O ex-membro da Câmara dos Lordes Peter Mandelson alega que a sua detenção, no início da semana, foi motivada por convicções "infundadas" de que planeava fugir para as Ilhas Virgens Britânicas.
Peter Mandelson critica a Polícia Metropolitana de Londres pelos motivos que levaram à sua detenção na segunda-feira passada, alegando que apenas foi levado sob custódia porque as autoridades britânicas julgaram erroneamente que se preparava para fugir do país.
Em declaração citada pelo jornal britânico The Guardian, os advogados do antigo embaixador britânico nos Estados Unidos asseguram que a Polícia Metropolitana de Londres havia concordado em interrogar formalmente Mandelson no próximo mês, "de forma voluntária", sem recorrer à sua detenção.Um dos representantes legais do ex-membro da Câmara dos Lordes, Mishcon de Reya, garante que "a prioridade máxima" do político de 72 anos "é cooperar com a investigação policial, como tem feito ao longo de todo este processo, e limpar o seu nome".

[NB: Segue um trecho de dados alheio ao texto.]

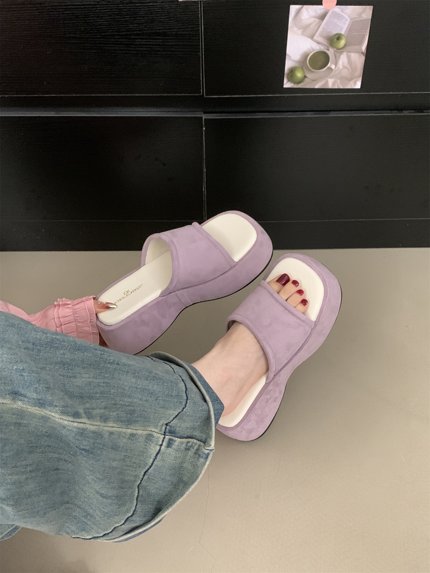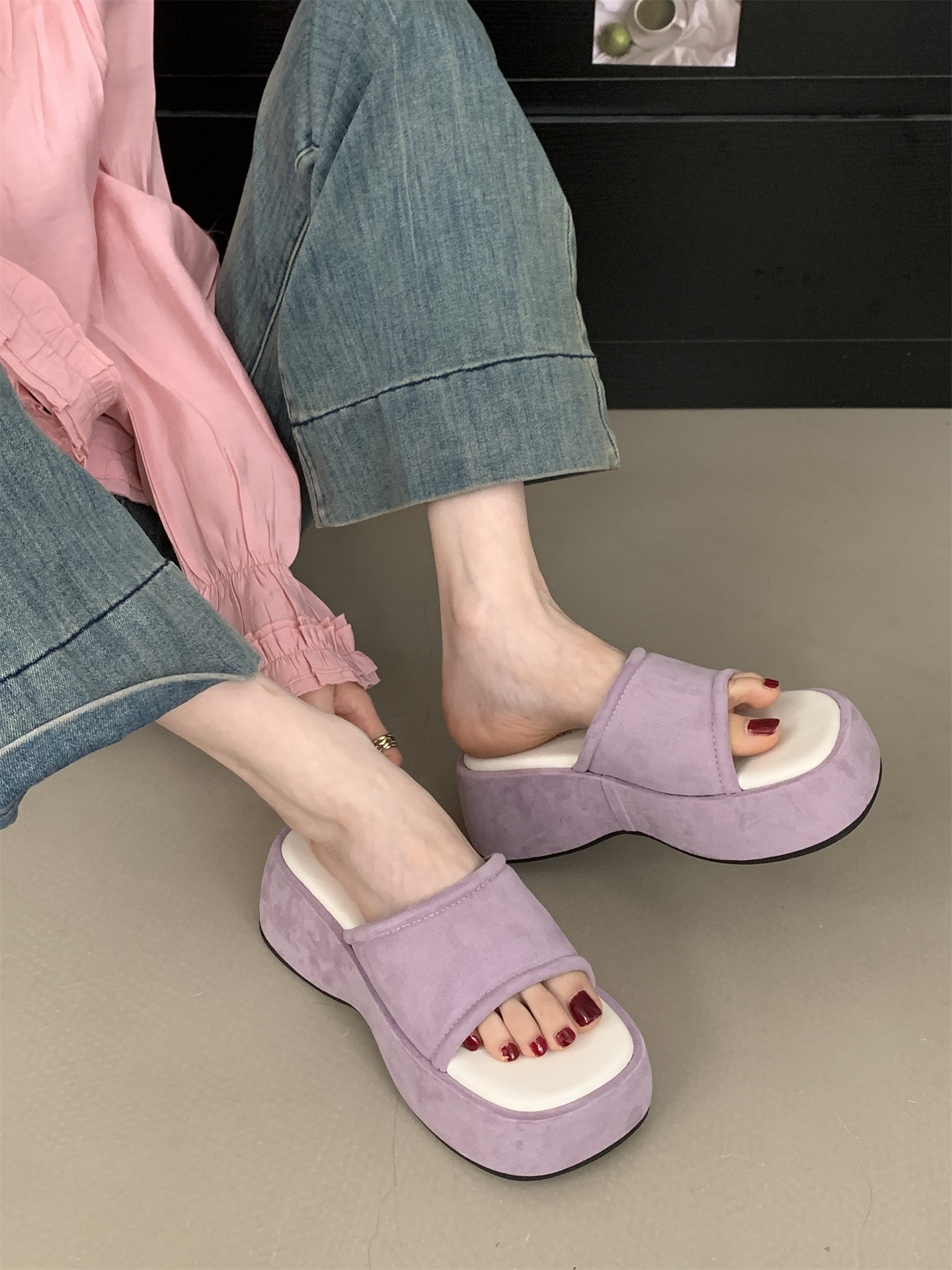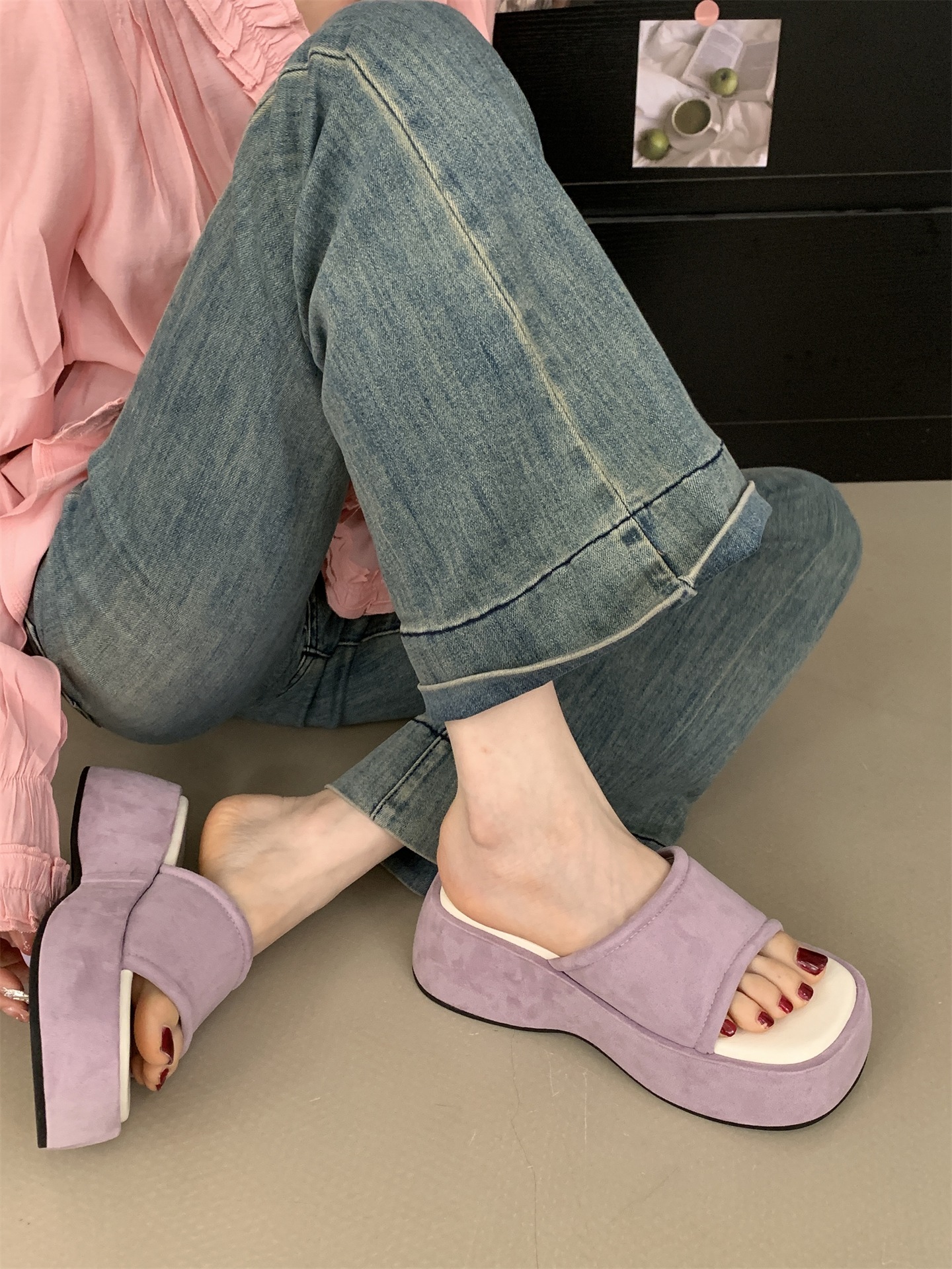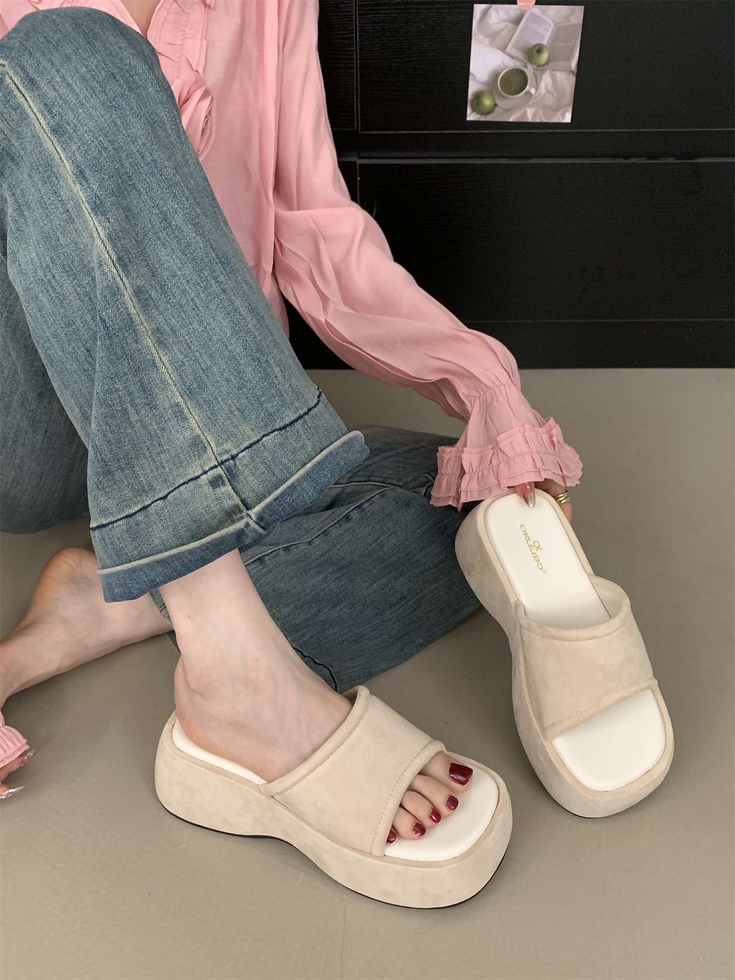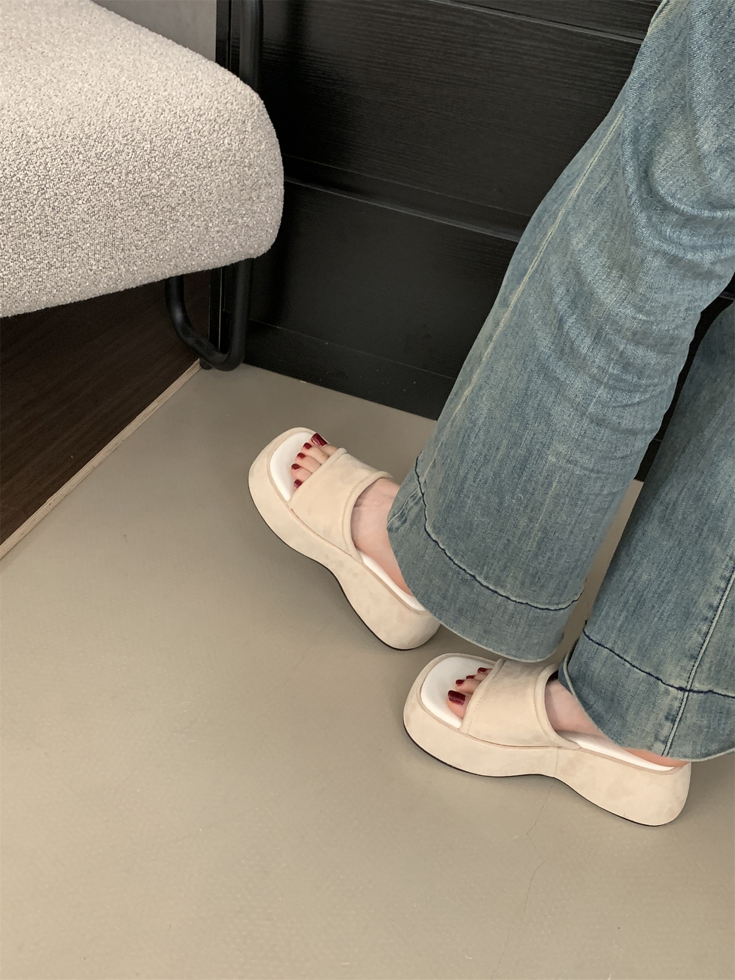 두꺼운 밑창의 플랫폼 오픈토 샌들, 외투용 페어리 슈즈, 2025 봄 여름 신상품, 키가 작은 사람들을 위한 스웨이드 슬리퍼스토어 가기

A defesa de Mandelson exige agora provas que justifiquem a ação das autoridades britânicas já que, no seu entendimento, o que aconteceu foi uma operação policial motivada por convicções "infundadas" de que o antigo membro do Partido Trabalhista planeava deixar o Reino Unido com destino às Ilhas Virgens Britânicas.
O jornal britânico dá também conta de que Mandelson terá enviado uma mensagem a amigos seus, na madrugada desta quarta-feira, onde afirmava que as alegações da sua fuga eram "totalmente fictícias".
"Apesar do acordo prévio entre a polícia e a equipa jurídica sobre um interrogatório voluntário no início de março, a polícia prendeu-me porque alegou que eu estava prestes a fugir para as Ilhas Virgens Britânicas e estabelecer residência permanente no estrangeiro, deixando para trás Reinaldo, a minha família, a minha casa e Jock [o seu cão]. Não preciso de dizer que isto é pura ficção. A polícia só hoje é que foi informada de que tinha de improvisar uma prisão. A questão é: quem ou o que está por trás disto?”, cita o Guardian.
Não se sabe quem terá sido a fonte da polícia, sabe-se apenas que as indicações de que este se poderia tratar de Michael Forsyth, membro da Câmara dos Lordes, já foram rejeitadas pelas autoridades parlamentares.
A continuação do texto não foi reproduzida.